‘Plays Well With Others’ is, of course, how one might enthuse about a new child finding its feet on entering a new school, and it’s an apt title for loadbang’s latest release, a series of challenging and often playful contemporary works celebrating unusual works for an unusual line-up.
Nowhere is this more apparent than in Mo(nu)ment for C/Palimpsest by Reiko Fueting, a work which plays with fragments of speech, shuffling sibilants, all underscored by a pointillist ensemble texture that shivers with nervous energy against a backdrop of soft strings. The three speech-fragments – ‘Je suis,’ ‘Ich bin,’ ‘I am’ – are affirmations of self, of identity, contradicted by the restless musical texture beneath which refuses to settle. Any moments where the instruments are able to come together are fleeting, soon evaporating back to the breathless fluttering speech-sounds. Written in reference to the attack on Charlie Hebdo offices in Paris in 2015, the piece hums with an anxiety that is constantly pulling the piece together whilst simultaneously pushing it apart.

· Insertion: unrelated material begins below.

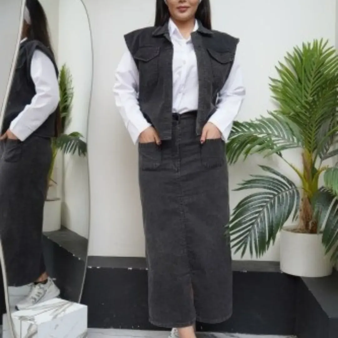 ست سه تیکه دامن جلیقه عیدانه شیک و زیبا با جنس عالی درجه و تضمین کیفیت. تنخور فوق العاده شیک و جذاب. شامل جلیقه، دامن و شومیز داکرون.
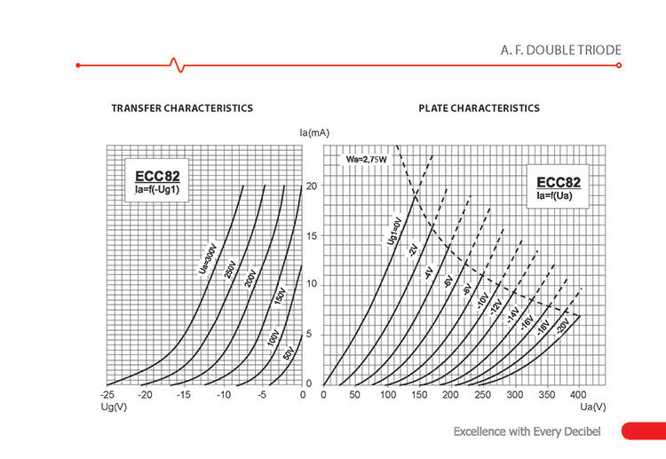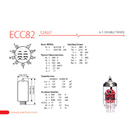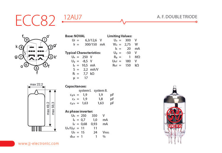 A.F. DOUBLE TRIODE - ECC82 is 12AU7 medium gain pre-amplifying double triode. Provides a very smooth sound with well-defined tones suitable for audio and guitar amplifiers.

Eventually, the piece concludes with a hovering chord reminiscent of a train passing, and it’s the voice that has the final utterance, fading into silence as though there’s nothing more to say.
Latterly, the strings try to introduce moments that alert ears will identify as by Bach and Barber. There’s a sense in which the three disparate textures – wind, voices, strings – are trying to find a way of coming together, of playing well together. Do they manage it ? Up to you…
Plays Well With Others is released on the New Focus label.